Pero el sistema tiene grietas, en los pasillos de algunas universidades, como en la Universidad Central de Venezuela, entre sus problemas, surge una contra-cultura científica. Jóvenes investigadores que mezclan ecuaciones con relatos campesinos, publican en plataformas bilingües y convierten talleres comunitarios en laboratorios de código abierto. Es una insurgencia discreta, traducen papers al wayuunaiki, usan inteligencia artificial para mapear cultivos en Barinas, o aplican la medicina tradicional yanomami en hospitales sin recursos. Cada uno de estos actos es un hackeo al sistema, una prueba de que el conocimiento puede ser localmente relevante y globalmente audaz.
Sin embargo, la matriz contraataca, el academicismo colonial internaliza su vigilancia, el profesor que desestima un proyecto por “poco teórico”, el becario que abandona su investigación sobre la caña de azúcar venezolana para estudiar el carbón en Alemania, el comité editorial que rechaza un estudio por citar a Rodolfo Quintero en vez de a Foucault. La trampa es perfecta, nos convencen de que la autocolonización es mérito.

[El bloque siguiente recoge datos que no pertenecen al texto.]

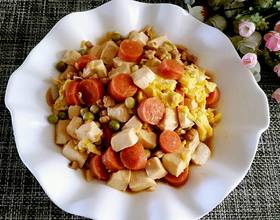 豌豆可以用新鲜的颜色更绿,烤肠换用火腿肠替代亦可,豆腐最好是嫩豆腐,亦或日本豆腐口感好。
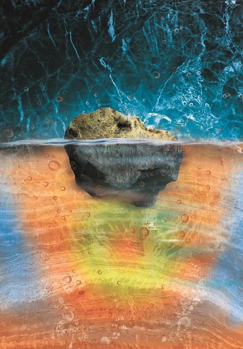 image: The schematic artwork shows a boundary within the lower mantle at the depth of 1900 km. Below 1900 km, the interaction between water and mantle is triggered.

El neurocolonialismo tecnológico profundiza la herida, las apps que miden nuestra productividad siguen algoritmos diseñados en Silicon Valley, las universidades compran software que no reconoce los dialectos venezolanos, y hasta los proyectos de innovación social dependen de fondos que exigen marcos lógicos ajenos a nuestra oralidad. La tecnología, en vez de ser herramienta, se vuelve prótesis de un cuerpo extraño.

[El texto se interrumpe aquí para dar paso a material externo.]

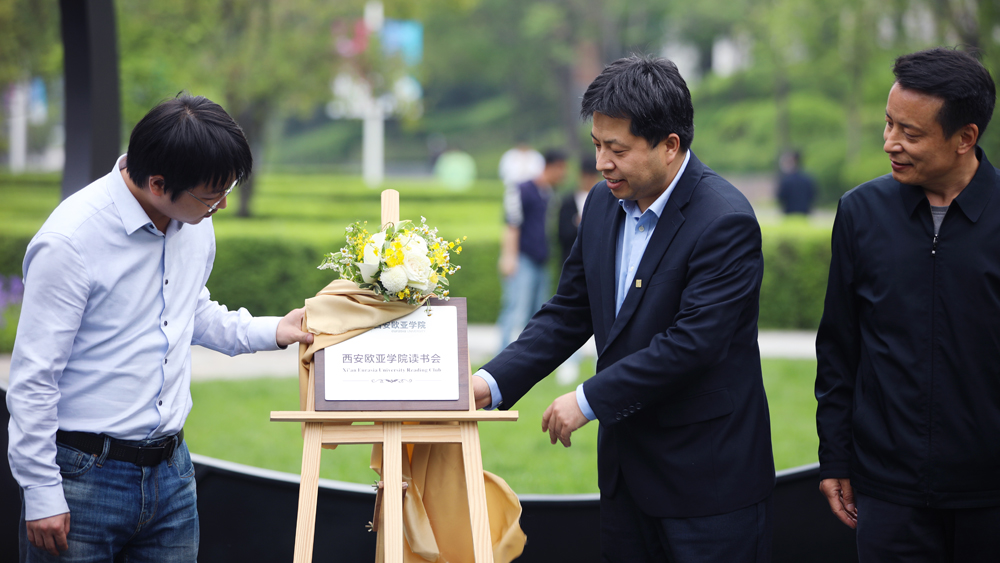 读书是以阅读为杠杆,丈量世界之外的万千可能。在第26个世界读书日到来之际,申慱官网读书会正式揭牌。开幕式上,曲江书城市场营销部经理樊峥、申慱官网图文信息中心主任罗征、校工会副主席晏建忠共同见证欧亚读书会揭牌。

Descolonizar la ciencia exige más que cambiar idiomas, es una “neuroguerrilla”. Implica rescatar la observación participante de las escuelas etnográficas venezolanas, reescribir las normas APA para incluir saberes populares en cursiva y sin comillas, y crear revistas donde un estudio sobre la efectividad de la hoja de guayaba contra la diabetes valga tanto como un ensayo clínico en “The Lancet”. No se trata de negar el método, sino de expandirlo; no de quemar laboratorios, sino de llenarlos con tierra de conuco y ecuaciones sediciosas.

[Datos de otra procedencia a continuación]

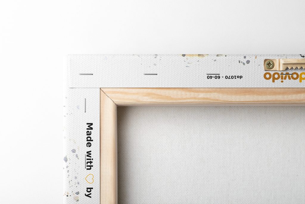 Keďže chceme, aby obraz na vašej stene vyzeral dokonalo, zameriavame sa na detaily. Preto je plátno dôkladne napnuté na rám, ktorý je z kvalitného dreva. Použitý rám je vyrábaný z rámarských líšt, ktoré sú vhodné na výrobu obrazov. Netreba zabudnúť ani na to, že na zadnej strane sú nahusto umiestnené spony. Spolu s obrazmi obdržíte 1 až 2 ks závesov, ktoré sú umiestené na zadnej strane, podľa toho, aký rozmer obrazu si zvolíte. Pre obrazy, ktorých šírka je nad 120 cm je na zosilnenie rámu vsadená drevená priečka.
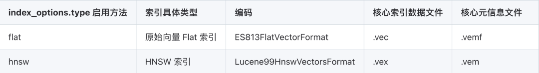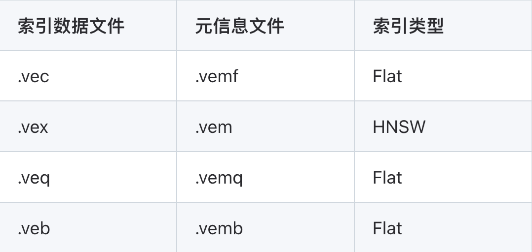 和 Lucene 以往的文件类型相似,引入新的索引一般会同时引入两种文件类型,向量索引继承了这一约定。
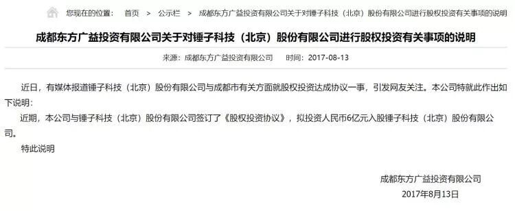 据悉,锤子科技2017年的近10亿元融资中,成都东方广益投资有限公司出资6亿元,其他私募基金投资为3亿到4亿元。
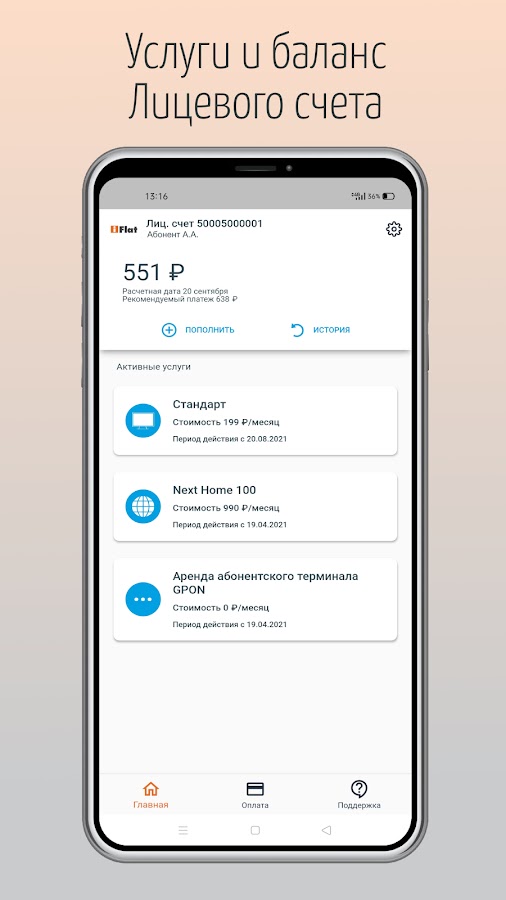 Узнайте сумму баланса на текущий момент, информацию о задолженностях по Лицевому счету, просмотрите историю списаний и пополнений

Los próceres de esta batalla no llevan batas ni togas académicas, son las parteras de Barlovento que integran estadísticas con hierbas, los ingenieros que hackean drones para monitorear cosechas sin internet, los profesores que evalúan con crónicas en vez de exámenes estandarizados. Su arma no es la citación, sino la hibridación.
Bolívar liberó territorios, Rodríguez imaginó escuelas taller, y ahora nos toca a nosotros descifrar el ADN colonial de los artículos científicos. La independencia pendiente no se declara en actas, sino en abstracts y repositorios digitales. El desafío es crear una ciencia que no solo estudie a Venezuela, sino que piense desde ella, con acento, con barro en las manos.
Cada vez que un investigador elige publicar en español, cada vez que una tesis cita a un abuelo wayuu como autor, cada vez que un algoritmo se programa para resolver primero el hambre en algún país de Latinoamérica antes que optimizar el tráfico en Londres, se rompe un eslabón. La ciencia venezolana del siglo XXI no necesita más validación, necesita raíces, atrevimiento y la osadía de reescribir las reglas desde el Sur que insiste en revelarse.